WHAT THE TASK REQUIRES:
Give back each entry unchanged, minus pictures.

───── MATERIAL FOR THIS TASK ─────

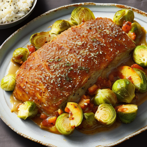 Un délicieux plat principal à base de jambon au four, de choux de Bruxelles et de confiture douce de pêche.
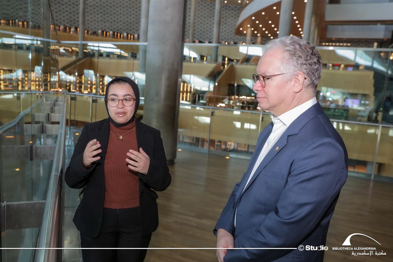 Dr. Marcelo Knobel started his visit with a comprehensive tour of the Bibliotheca Alexandrina, followed by a meeting with Dr. Marwa El-Wakil, Head of the Academic Research Sector, and the team of the Center for Special Studies and Programs and TWAS-AREP.
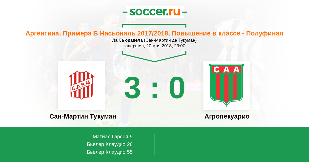 Протокол матча Сан-Мартин Тукуман против Агропекуарио
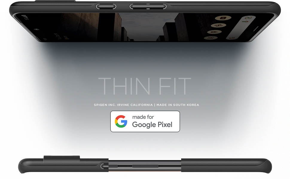 Put the thin in nothing. Cover your Pixel with Thin Fit for a timeless look. It features a slim silhouette that comfortably fits in your pocket and your hand. Don’t underestimate its minimal design: its drop protection is anything but minimal. *Metal plates are not advised to be used during wireless charging.
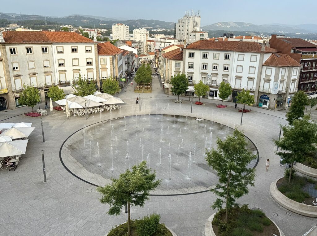 View from my hotel in Sao Joao da Madeira — the plaza’s water fountain spouted intermittently.
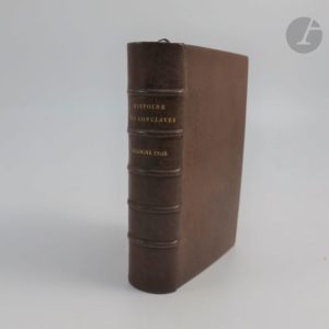 [LETI (Gregorio)]. Histoire des conclaves Depuis Clement V jusqu'à présent. Enrichie De plusieurs Memoires, qui contiennent l'Histoire du Pape & des Cardinaux d'aujourd'hui, & celle des principales Familles de Rome ; où l'on apprend quantité de Particularité de cette Cour. Avec Un Discours qui explique toutes les cérémonies qui s'observent depuis la mort du Pape, jusqu'après l'élection de son Successeur… Cologne, 1703. — 2 tomes en un volume in-12, maroquin havane janséniste, dos à nerfs, dentelle dorée intérieure, tranches dorées sur marbrures (Trautz-Bauzonnet). Cette édition, bien que notée comme la troisième sur le titre, est en réalité la quatrième en français, établie par le baron de Huyssen ou Casimir Freschot (v. 1640-1720) bénédictin de la congrégation de S.-Vanne. L'ouvrage parut pour la première fois en italien en 1667 et la première version en français fut donnée par Jean Vanel et publiée en 1689. Celle-ci est enrichi, avec une pagination séparée, du conclave ce Clément XI et d'un traité de l'origine des cardinaux et des légats. Dans cette partie, les pages des 12 feuillets composant le cahier *E sont paginées 99 à l'exception de la dernière paginée 100. L'illustration est composée d'un frontispice, de deux belles planches dépliantes, la première représentant le plan et une vue du conclave, et la seconde une procession, ainsi que de 14 vignettes gravées sur cuivre dans le texte. Très bel exemplaire relié par Trautz-Bauzonnet pour le capitaine d'État-Major de l'armée française, historien et bibliophile Eugène-Gabriel Marigues de Champ-Repus (1828-1892). Griffures sur le bord du premier plat. Provenance : Eugène-Gabriel Marigues de Champ-Repus, avec ex-libris.
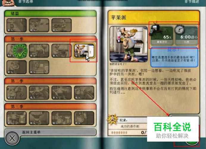点选第一季第四集苹果派,本集中我们的最低评分需要达到65%,时限为6分钟。好了,开始我们整蛊之旅吧!
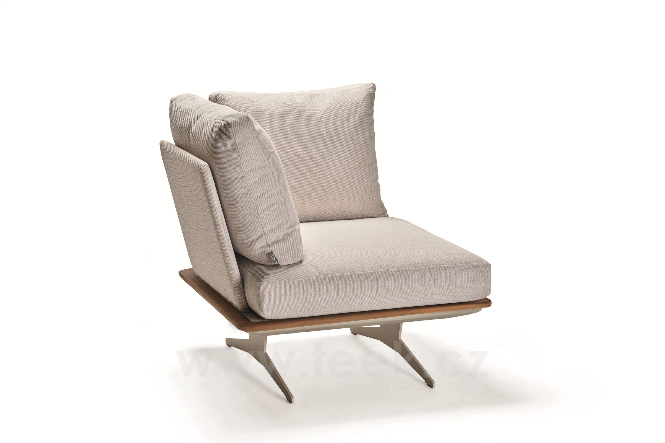 Rám: lakovaný hliník a teakové dřevo. Rozměr: 95x95x85 cm.
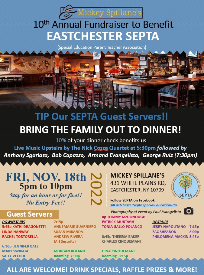 Friday 11/18: 10th Annual Fundraiser to Benefit Eastchester SEPTA To make a donation: https://eastchester-septa.square.site/product/general-donations-mickey-spillane-s-annual-fundraiser-for-septa/37?cs=true&cst=custom Share this: Share on X (Opens in new window) X Share on Facebook (Opens in new window) Facebook Like Loading... Related
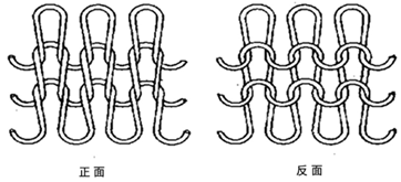 在經(jīng)平組織中,同一根紡紗線所形成的線圈交替排列在相鄰兩個(gè)縱行線圈中??椢锏恼疵娑汲尸F(xiàn)菱形的網(wǎng)眼,由于線圈呈傾斜狀態(tài),織物縱、橫向都具有肯定的延展性。它大的缺點(diǎn)是逆編結(jié)方向簡單脫散,當(dāng)一個(gè)線圈斷裂時(shí)織物易沿縱行分別成兩片。

─────

TASK RESPONSE:
 Un délicieux plat principal à base de jambon au four, de choux de Bruxelles et de confiture douce de pêche.
 Dr. Marcelo Knobel started his visit with a comprehensive tour of the Bibliotheca Alexandrina, followed by a meeting with Dr. Marwa El-Wakil, Head of the Academic Research Sector, and the team of the Center for Special Studies and Programs and TWAS-AREP.
 Протокол матча Сан-Мартин Тукуман против Агропекуарио
 Put the thin in nothing. Cover your Pixel with Thin Fit for a timeless look. It features a slim silhouette that comfortably fits in your pocket and your hand. Don’t underestimate its minimal design: its drop protection is anything but minimal. *Metal plates are not advised to be used during wireless charging.
 View from my hotel in Sao Joao da Madeira — the plaza’s water fountain spouted intermittently.
 [LETI (Gregorio)]. Histoire des conclaves Depuis Clement V jusqu'à présent. Enrichie De plusieurs Memoires, qui contiennent l'Histoire du Pape & des Cardinaux d'aujourd'hui, & celle des principales Familles de Rome ; où l'on apprend quantité de Particularité de cette Cour. Avec Un Discours qui explique toutes les cérémonies qui s'observent depuis la mort du Pape, jusqu'après l'élection de son Successeur… Cologne, 1703. — 2 tomes en un volume in-12, maroquin havane janséniste, dos à nerfs, dentelle dorée intérieure, tranches dorées sur marbrures (Trautz-Bauzonnet). Cette édition, bien que notée comme la troisième sur le titre, est en réalité la quatrième en français, établie par le baron de Huyssen ou Casimir Freschot (v. 1640-1720) bénédictin de la congrégation de S.-Vanne. L'ouvrage parut pour la première fois en italien en 1667 et la première version en français fut donnée par Jean Vanel et publiée en 1689. Celle-ci est enrichi, avec une pagination séparée, du conclave ce Clément XI et d'un traité de l'origine des cardinaux et des légats. Dans cette partie, les pages des 12 feuillets composant le cahier *E sont paginées 99 à l'exception de la dernière paginée 100. L'illustration est composée d'un frontispice, de deux belles planches dépliantes, la première représentant le plan et une vue du conclave, et la seconde une procession, ainsi que de 14 vignettes gravées sur cuivre dans le texte. Très bel exemplaire relié par Trautz-Bauzonnet pour le capitaine d'État-Major de l'armée française, historien et bibliophile Eugène-Gabriel Marigues de Champ-Repus (1828-1892). Griffures sur le bord du premier plat. Provenance : Eugène-Gabriel Marigues de Champ-Repus, avec ex-libris.
点选第一季第四集苹果派,本集中我们的最低评分需要达到65%,时限为6分钟。好了,开始我们整蛊之旅吧!
 Rám: lakovaný hliník a teakové dřevo. Rozměr: 95x95x85 cm.
 Friday 11/18: 10th Annual Fundraiser to Benefit Eastchester SEPTA To make a donation: https://eastchester-septa.square.site/product/general-donations-mickey-spillane-s-annual-fundraiser-for-septa/37?cs=true&cst=custom Share this: Share on X (Opens in new window) X Share on Facebook (Opens in new window) Facebook Like Loading... Related
 在經(jīng)平組織中,同一根紡紗線所形成的線圈交替排列在相鄰兩個(gè)縱行線圈中??椢锏恼疵娑汲尸F(xiàn)菱形的網(wǎng)眼,由于線圈呈傾斜狀態(tài),織物縱、橫向都具有肯定的延展性。它大的缺點(diǎn)是逆編結(jié)方向簡單脫散,當(dāng)一個(gè)線圈斷裂時(shí)織物易沿縱行分別成兩片。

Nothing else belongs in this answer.